In January, Apple surpassed oil firm Exxon Mobil for the first time to become the most valuable company on the planet. It now dwarfs Exxon's $405.6bn market value by more than $213bn.
The company's shares dropped dramatically in July as sales figures disappointed analysts, even as profits rose 21% year-on-year to $8.8bn (£5.6bn).
But shares have risen again on rumours that Apple is planning to launch a smaller version of its top-selling iPad and is close to making a new push in the TV market, which has long been a target for chief executive Tim Cook.
The company's share price was $378.55 on 5 October 2011, the day that Steve Jobs, co-founder and the driving force behind the firm's most famous products, died. Since his death, Apple has gone on to report record sales, and its share price has soared.
Apple's landmark high comes as Facebook's shares hit new lows on Monday, sinking to less than half their initial public offering price and halving the fortune of founder Mark Zuckerberg.
By mid-morning, Facebook's shares hit a new low of $18.75 (although recovered to close at $20.01), less than half the $38 they were sold for in May amid the most heavily hyped stock sale in recent history. The slump has knocked close to $10bn off the value of Zuckerberg's stake in the firm, which is now worth about $9.5bn.
Facebook's recent share slide comes after the expiration of a lock-up period that allows some of its earliest investors to sell more of their shares. The expiration increased the pool of available shares by 60% and confirmed analysts' fears that it might lead to more falls in Facebook's already battered share price.

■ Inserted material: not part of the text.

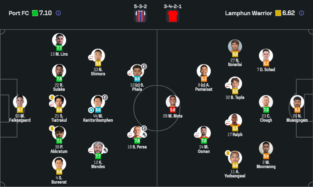 ด้านลำพูน วอริเออร์ ใช้ระบบ 3-4-2-1 ที่พยายามสร้างเกมผ่านมิดฟิลด์ตัวรุก แต่ปัญหาคือการครองบอลในแดนกลางถูกการท่าเรือบีบเร็ว ทำให้เกมรุกขาดความต่อเนื่อง

Some of Silicon Valley's most prominent investors are among those now able to reduce their holdings. Details of which large shareholders have decided to cash in are not yet available.
Facebook's share price faces a series of other potential challenges in the next few months as more lock-up periods expire and staff are allowed to sell shares.
Facebook's fall comes as its peers, too, have faced investor scepticism. Shares in Groupon, the daily deals site, are also close to new lows and early investors including Marc Andreessen, one of Silicon Valley's most respected investors, have been cutting their holdings.
Shares in Zynga, the online games company, have fallen over 68% since last year's initial public offering. The firm, whose hits include Words With Friends and Draw Something, was responsible for 12% of Facebook's revenue last year.
On the day of its IPO in May Facebook was briefly valued at more than $100bn, more than the combined worth of Nike and Goldman Sachs. The social network is now valued at $40.61bn.
The company is on course to claim a billion people as users this year. But while its size and reach are undisputed, analysts fear that the firm has been unable to find a way to make money from its mobile users, the fastest growing sector of its business.